If I were God, I would stop there, because I am a scientist and not an engineer. If I was an engineer, I wouldn't want things to change from my initial set up. So is your God a scientist or an engineer?
He's more than just that. Based upon what I observe every day in my life and work, he appears to me to be scientist, engineer, and artist.
The bible wasn't written when these people were "alive." From everything we can tell, people living before the spread of agriculture probably did live longer because their particular nutrient requirements were better suited to hunting and foraging.
Even good diet and exercise can't save you from amassing genetic defects though. Look at Mr. Armstrong. Less than 50 years ago he would have been a dead man.
We have all the genetic evidence in the world to suggest that unless something is seriously off the decrease in telomere length of any and all humans provides a reasonable maximum life span. I believe that this is significantly shorter than many of the people's ages in the old testament.
I agree. However, the very long lifespans started to decline dramatically after the flood, and very quickly stabilized on what we would consider a "normal" lifetime (a bit shorter, actually, because of the obvious medical concerns). Protective water canopy?
Actually you don't need an endless supply, you need a degredation reaction that is much slower than the polymerization reaction. You do need enough to get to the point that the system can make them itself -- acetate, ammonia, CO2, glycerol, water and phosphate.
Yes, but based upon my earlier statements, where are you going to find a nice little isolated place with a high concentration of the pre-biotic materials, all free from the ravages of environmental chemistry? Getting a system capable of generating all of these molecules themselves, even in conditions like you state, is not likely at all. (and that's an understatement)
There exist several syntheses to making nucleotides, pick one, it can occur in nature. Again, if we take the view that proteins are where life started, we get nowhere fast (and again, I am not saying however that this couldn't be the case).
All methods of making nucleotides occur in already-living objects. Of course, it's possible I missed something. If you have a mechanism where life (or the critical enzymes from life) isn't/aren't needed for this, I'd like to hear about it.
Actually that isn't true. In truly sterile conditions (which let me tell you, young earth was), biomolecules (excepting largely complex proteins which don't unfold reversibly) are perfectly stable at almost all temperatures an aqueous solution can have.
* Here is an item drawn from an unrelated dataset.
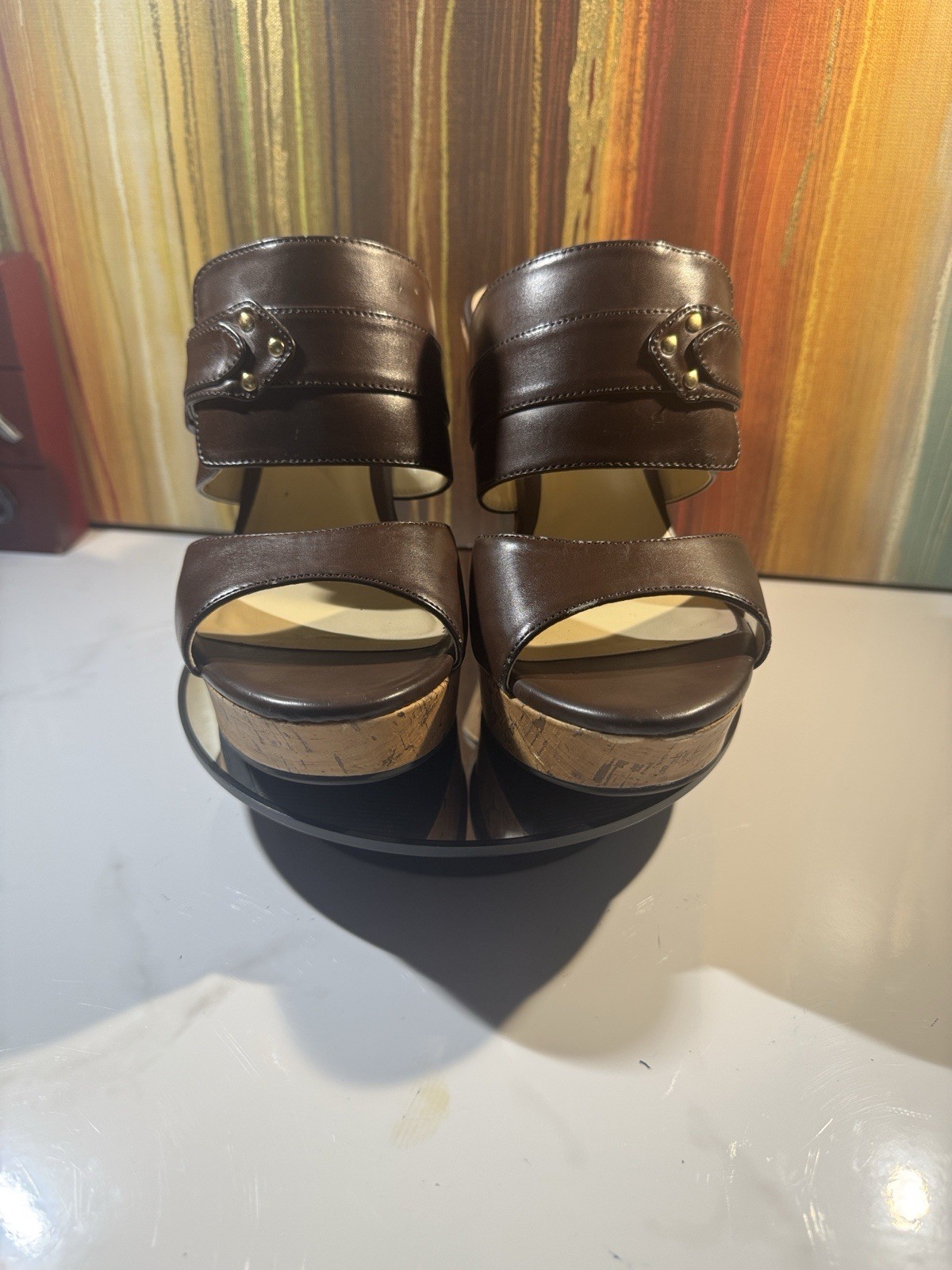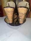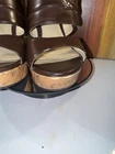 Chic Liz Claiborne Women’s Brown Faux Leather Slip-On Platform Cork Wedge Sandals Size 7.5M. These classic Liz Claiborne wedge heel sandals will complement any outfit. There are slight scuffs on the back of the heels and on the left of the front shoe but overall these are in excellent condition. See all pictures. DETAILS Brand: Liz Claiborne Slip-on Two upper straps Faux buckle elastic gore Open toe Cork wedge heel Size: 7.5M Heel height - 4.5 inches Platform - 1 inch

Acutally, most enzymes become denatured even when you go a little bit above 37C. And also, it's not just the sterility of the solution at question. I doubt you could say that the original "prebiotic" soup was made of distilled, deionized water with just the critical amino acids/nucleotides. (and your crystal, of course)
Most instability is due to irreversible unfolding of protein, and/or nucleases or proteases which now (due to the profundity of life) coat the planet.
See above, also many metal-containing proteins can have the metals titrated out of them via mass action. (Had a real pain of a protein I had to work with that had that problem).
No. There exist kinetic barriers to reactions in nature. A thermodynamic barrier is one in which the product is so high in energy compared to the starting materials that equilibrium lies far to the starting materials. Meaning the reaction would be nearly impossible unless the product was being consumed. Kinetic barriers are overcome by time. Thermodynamic barriers are overcome by chemistry.
I was referring to the activation energy as a thermodynamic barrier. These are overcome by either enzymes, or heat (which cells can't utilize too well).
Hardeehar, I appreciate our discourse. I'm glad your're actually reading my material, and responding to it in kind. I hope that we can continue this fairly civil discussion, and that *ahem* certain others can take a hint and do as well. Thanks.